#### [Prompt]
Retype, exactly and with both ends included, the lines below from the one containing "上十条店」で、その先には「New Again Espresso」があります。" through the end; omit the pictures.

═════ Material for this exercise ═════

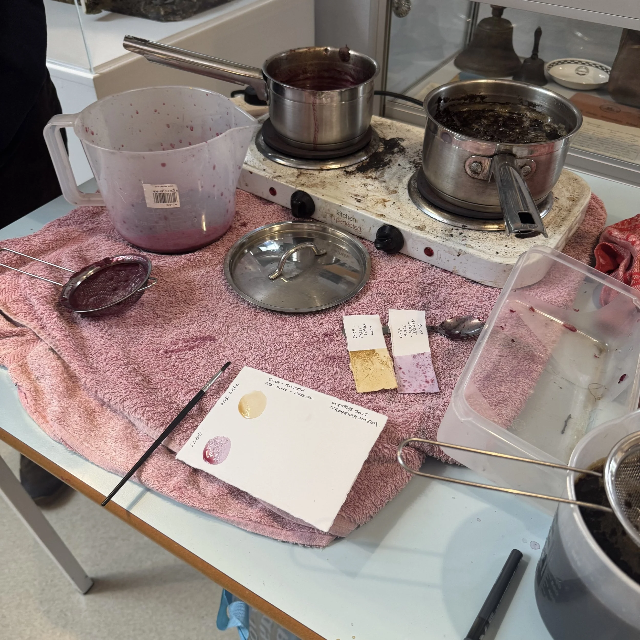1 pot of oak galls and 1 pot of sloe berries bubbling away nearly ready for us to make natural inks from.
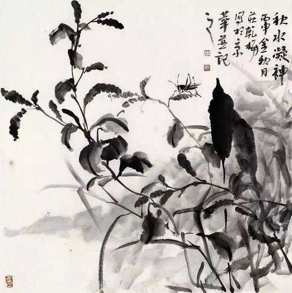 花朵基本采用没骨画法,用笔干脆,不拖泥带水,局部略有渲染,点到为止。茎、叶的用笔很有感情,用焦墨、枯笔描绘枝干,在纷乱的笔触和干湿结合的淡墨中,讲究节奏,讲究力量,将枝叶的生动姿态和在空中摇曳生长的感觉,表现的淋漓尽致。
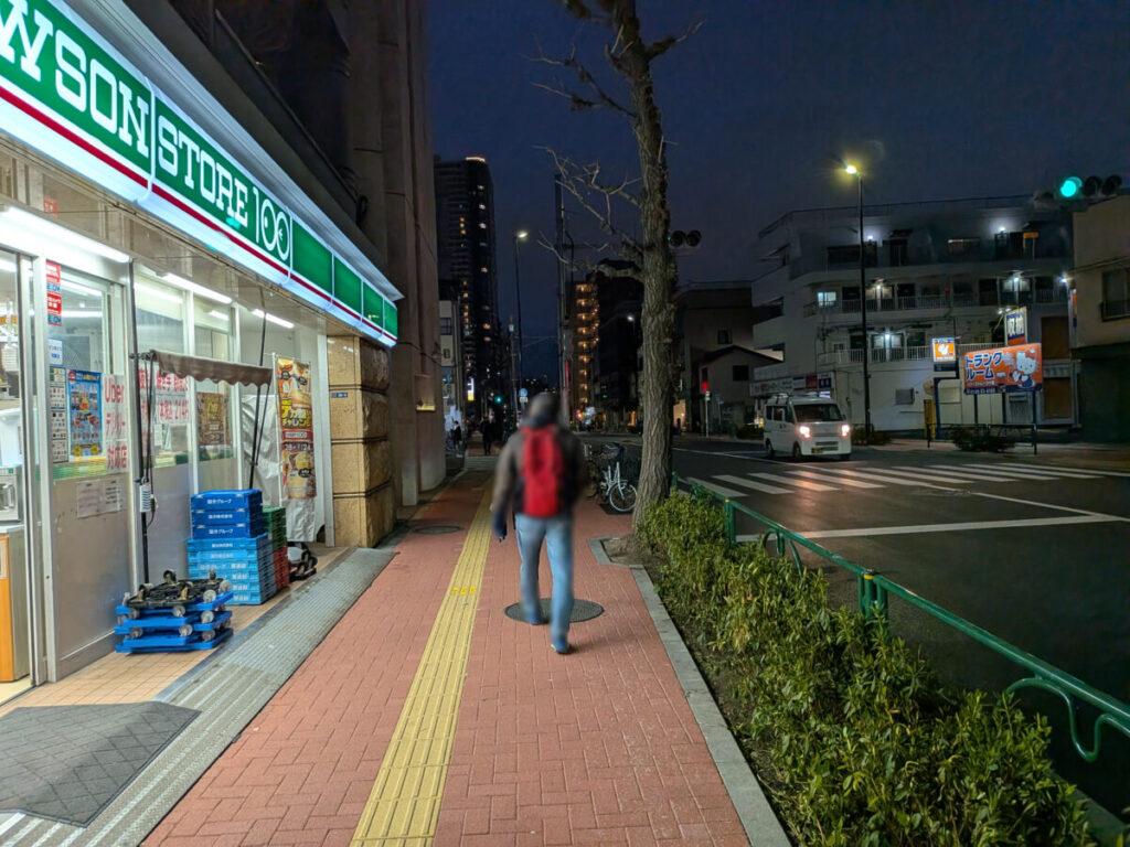 「焼肉 大門」を背にして左はこんな感じ。お隣は、「ローソンストア100 上十条店」で、その先には「New Again Espresso」があります。
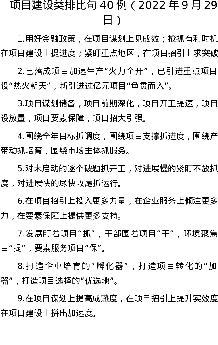 20220929【写作素材】项目建设类排比句40例(2022年9月29日)
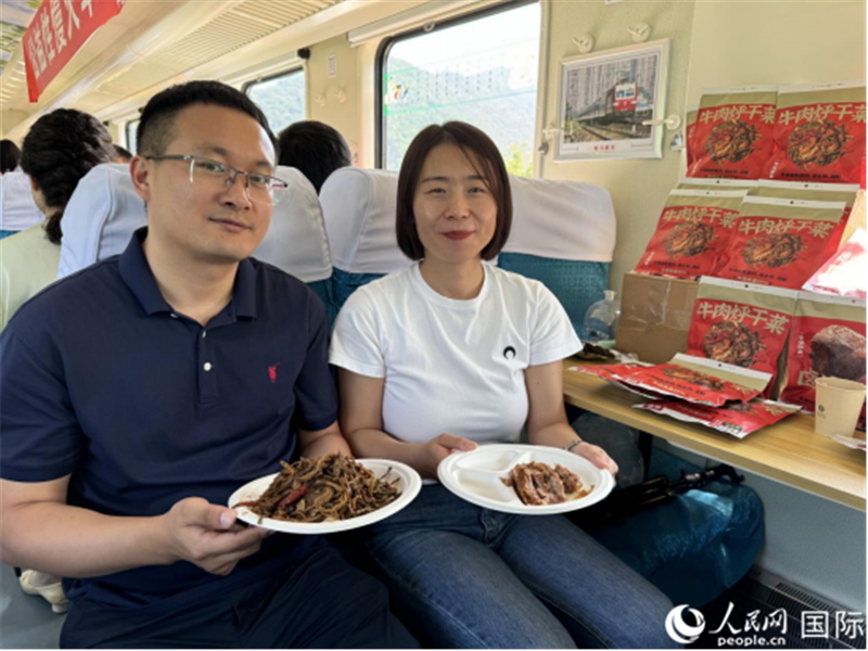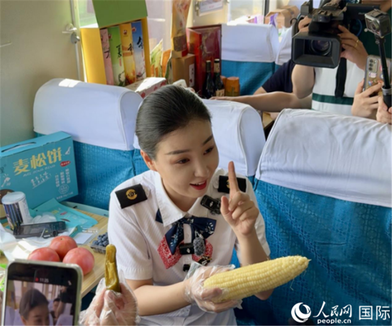 An influencer promotes local specialty products on train 4347. (People's Daily Online/Xie Ying)

═════

#### [Completed task]
 「焼肉 大門」を背にして左はこんな感じ。お隣は、「ローソンストア100 上十条店」で、その先には「New Again Espresso」があります。
 20220929【写作素材】项目建设类排比句40例(2022年9月29日)
 An influencer promotes local specialty products on train 4347. (People's Daily Online/Xie Ying)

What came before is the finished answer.